The Altair Community is migrating to a new platform to provide a better experience for you. In preparation for the migration, the Altair Community is on read-only mode from October 28 - November 6, 2024. Technical support via cases will continue to work as is. For any urgent requests from Students/Faculty members, please submit the form linked here
Generalized Sequential Pattern (GSP)
Tasos_Ioannou
Member Posts: 1 Learner III
Dear Sir/Madame
My name is Tasos Ioannou and I am a Phd student from TU Delft, the Netherlands.
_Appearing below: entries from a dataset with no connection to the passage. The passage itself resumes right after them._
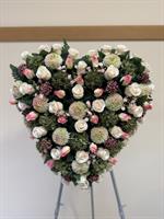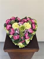 Magnifique composition en forme de cœur, réalisée en fleurs artificielles haut de gamme, symbole d’amour éternel et de souvenir profond. Ce montage associe de délicates roses, des boutons de roses, et de jolies fleurs texturées vert doux, harmonieusement réparties sur un feuillage dense et naturel.
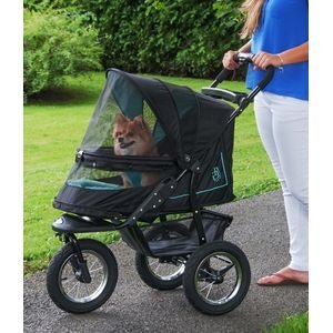 This stroller navigates over rough terrain with ease, whether jogging or strolling, thanks to the front locking wheel. Speaking of strolling, the new panoramic view window allows your pet to remain safe inside of the stroller without missing any sights along the way. This stroller also features a plush bolster pad, air tires for a smoother ride, and new stylish colors and embroidery, what more could a pet want!
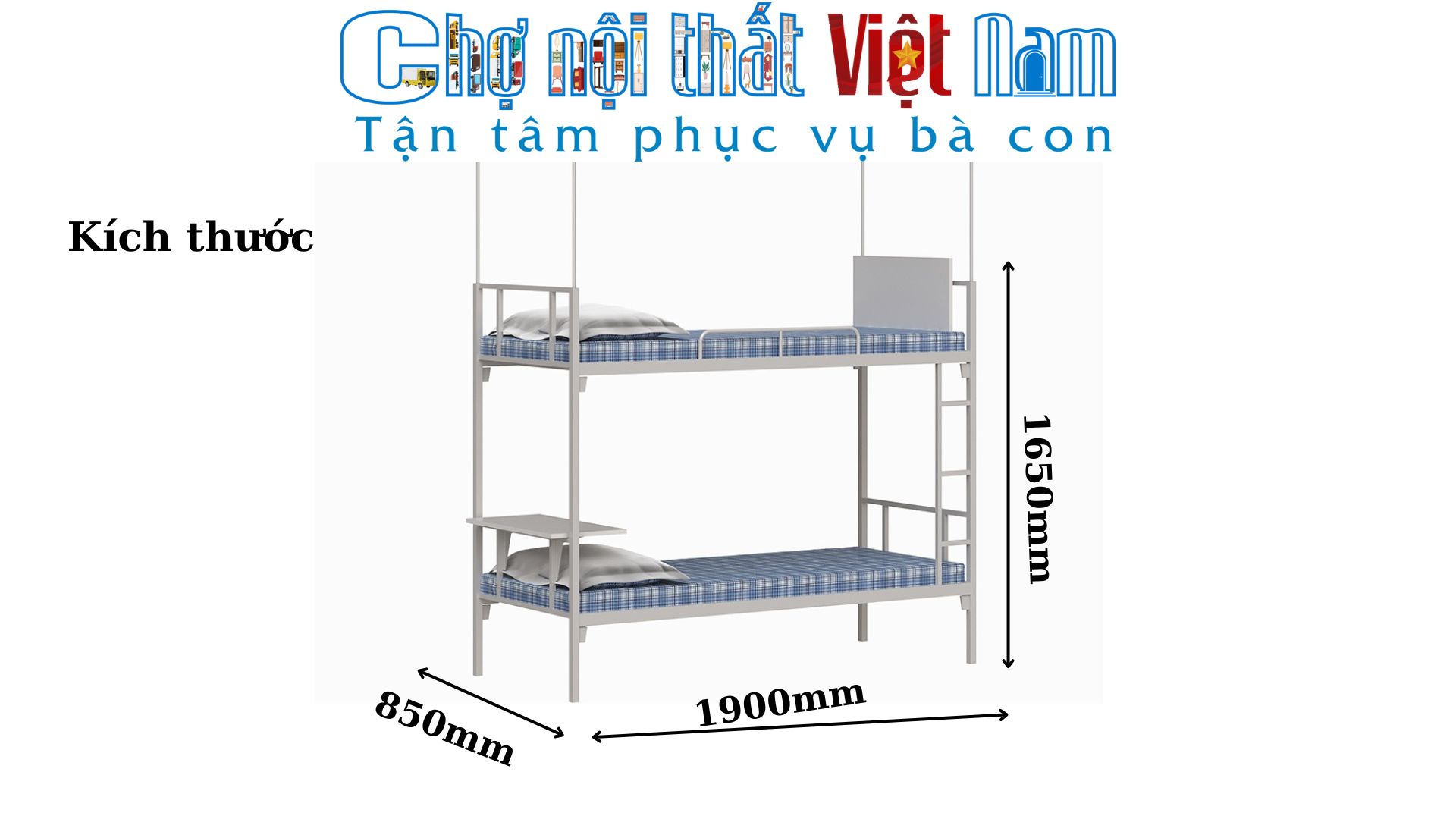 Mô tả sản phẩm Giường tầng sắt sinh viên Chợ Nội Thất Việt Nam GT40BR Giường 2 tầng Chợ Nội Thất Việt Nam GT40BR thiết kế kiểu dáng đơn giản, gọn gàng, tối ưu không gian và tiện lợi khi sử dụng. Giường được sản xuất từ chất liệu cao cấp, bền đẹp, khung thép sơn tĩnh điện chắc chắn, giát giường gỗ Okal cao cấp, mang đến sự hiện đại và an toàn.

I am new to rapid miner and I am trying to play with GSP in order to find patterns of occupancy (daily presence or not) in residential houses.
My data are like this:
Timestamp Type of Room-- House 1 -- House 2 -- House 3 -- etc.
3/6/2015 00:00 Kitchen 0 1 1
3/6/2015 00:05 Kitchen 1 0 1
3/6/2015 00:10 Kitchen 0 1 1
3/6/2015 00:20 Kitchen 0 0 0
So first column is the time stamp (every five minutes for a period of several months), second column is the type of room and the rest of the columns are the readings of the presence sensors in 0,1 format (1 when a person's presence was detected within the five minutes interval and 0 when no presence was detected).
I am trying to use the GSP to find patterns of occupancy for a whole day between all the houses (32 dwellings in total). Following the description of the process operator and looking at the tutorial example I have made a file but seems that I am missing something since instead of results I am getting a view of the example set (!) which I have already seen before using the ''break point after'' option.
The customer id is the type of rooms (Kitchen, Living Room etc), the houses (House 1, House 2 etc) are the attributes.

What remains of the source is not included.